Dáil debates

Tuesday, 3 February 2004

3:00 pm

Photo of Joe HigginsJoe Higgins (Dublin West, Socialist Party)

According to figures from the Environmental Protection Agency, one seventh, or 15%, of what goes to landfill comes from households. In view of that, would the Minister agree that the advertising is fraudulent? Would he agree it is incredible that 955,000 tonnes of paper and glass went to landfill in 2001 from households and commercials — some 78% of the total that went to waste — all of which is recyclable? Would the Minister agree that if the investment for recycling and composting was installed in all areas, and the infrastructure was put in by the local authority, then diverting all glass, paper, plastic, aluminium and organic material would reduce at a stroke the amount going from commercials and households to landfill by 70%? Would the Minister agree that local authorities now have the power to implement by-laws requiring that this takes place? The fact that it does not and has not taken place points to an abject failure by the Government over the last seven years.

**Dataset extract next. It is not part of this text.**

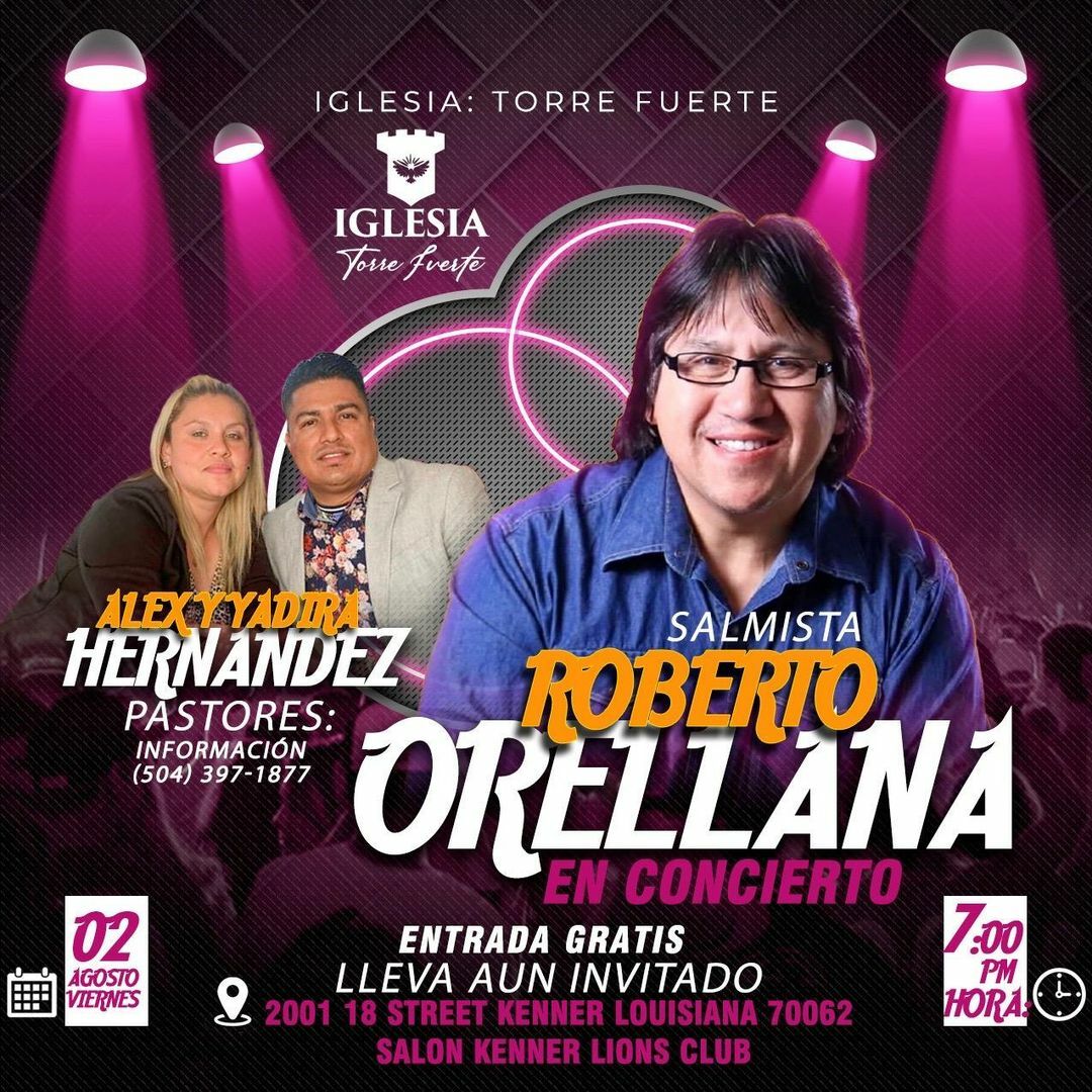 HomeEventsIGLESIA: TORRE FUERTE This Event has Passed IGLESIA: TORRE FUERTE Friday, August 02, 2024 7:00 PM - 9:00 PM 7:00 PM - 9:00 PM See all dates and Times Kenner Central Lions Club Parking Deals Get a Ride LYFT UBER Add to Calendar 08/02/2024 07:00 PM 08/02/2024 09:00 PM America/Bahia_Banderas IGLESIA: TORRE FUERTE Viernes 2 de agosto - Hora 7pm 2001 18 Street Kenner Louisiana 70062 Salon Kenner Lions Club Details & Tickets: https://www.upcomingevents.com/new-orleans/events/kenner-central-lions-club/iglesia-torre-fuerte-275719?ref=uceaddevent Kenner Central Lions Club, 2118 Kenner Avenue, Kenner, LA, 70062 Set Reminder Categories Benefits Charity, Fundraising & Charity, Neighborhood, Politics & Activism Viernes 2 de agosto - Hora 7pm 2001 18 Street Kenner Louisiana 70062 Salon Kenner Lions Club

Would the Minister agree therefore that the television advertisement, Race Against Waste, is a crude propaganda attempt to cover the Government's abject failure to divert significantly from landfill and secure that diversion? It is also a crude propaganda film to attempt to justify rapidly rising bin taxes on taxpaying households, which the Minister, Deputy Cullen, is trying disgustingly to force on households, while giving the real polluters — big business — massive tax breaks.